Bugün için küreselleşmeye doğru giden bir Batı bilim geleneğinden söz edebiliriz. Hayatımızın her boyutuna yayılan bu küreselleşme sürecinde karşımıza yeni hal olarak çıkan durum çok vahimdir. Geriye dönüş muhal, (imkânsız) olduğuna göre yeni durum ne olabilir? Zannedersem artık gelecekte mahalli ilim gelenekleri olmayacaktır. Karşımıza çıkan küresel insanlık bilim geleneğine her medeniyet ne kadar katkı yaparsa o kadar payına düşeni alacaktır.
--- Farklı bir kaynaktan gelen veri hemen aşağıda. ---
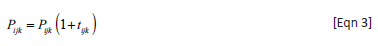 Given free trade conditions, with adjustments to ad valorem tariff, the domestic price of product i in country j from country k will change as follows: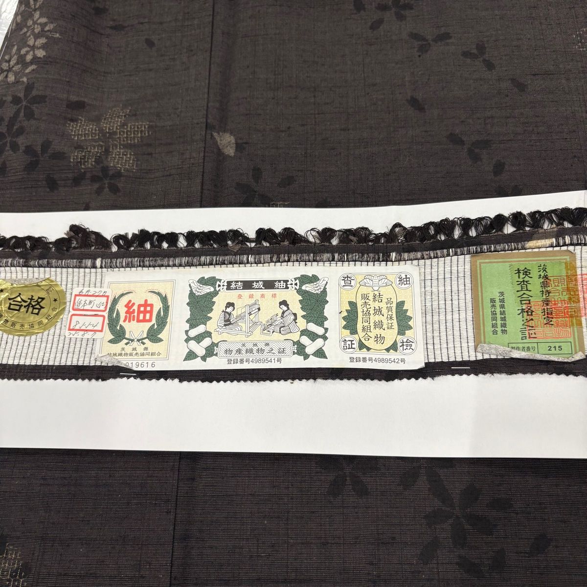 結城紬 身丈165.5cm 裄丈64.5cm M 袷 証紙 桜 花びら 焦茶色 正絹 WWW_GLOBALQUALITYIMPORTS_COM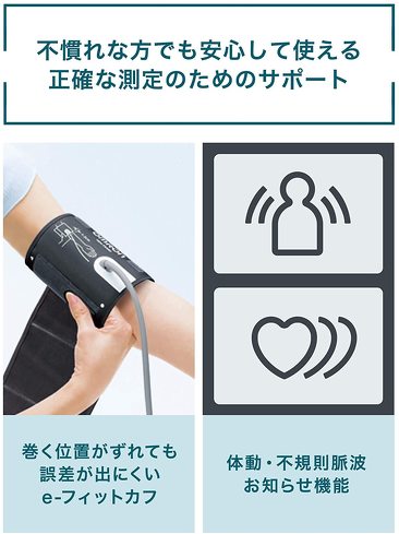 そこで便利なのが、「姿勢チェック機能」です。測定中に体が動いたり、カフが緩んでいたりすることを、アイコンなどで分かりやすく知らせてくれます。腕の角度が適切なのか、マークが点灯して細かくガイドしてくれる機能もあります。

Burada Bediüzzaman’ın bahsettiği üç geleneği “mezc” etme, yani uyumlu bir şekilde birleştirme sadece İslam bakış açısından mümkün görülmektedir. Çağdaş bilimi aklın temsil ettiğini düşünürsek, tasavvuf geleneğini de kalp temsil etmektedir. Eski medrese yaklaşımında kullanılan yöntem tefsir ve fıkıh ilimlerinin üzerine kurulduğu gelenek olarak alınırsa bunlar mezc edilerek çağdaş bilim geleneğine sunulmalıdır. Bunu yapabilmek için merhum Fazlur Rahman’ın dediği gibi geçmiş tarihimizi çok iyi anlamaya çalışırken o devirlerde kalmayarak günümüze gelip bu anlayışları uygulama ve uyarlama yolları aramalıyız. Zannedersem Bediüzzaman’ın eserlerini telife başladığı 1900’den günümüze uzanan ışık, bu yaklaşım olabilir.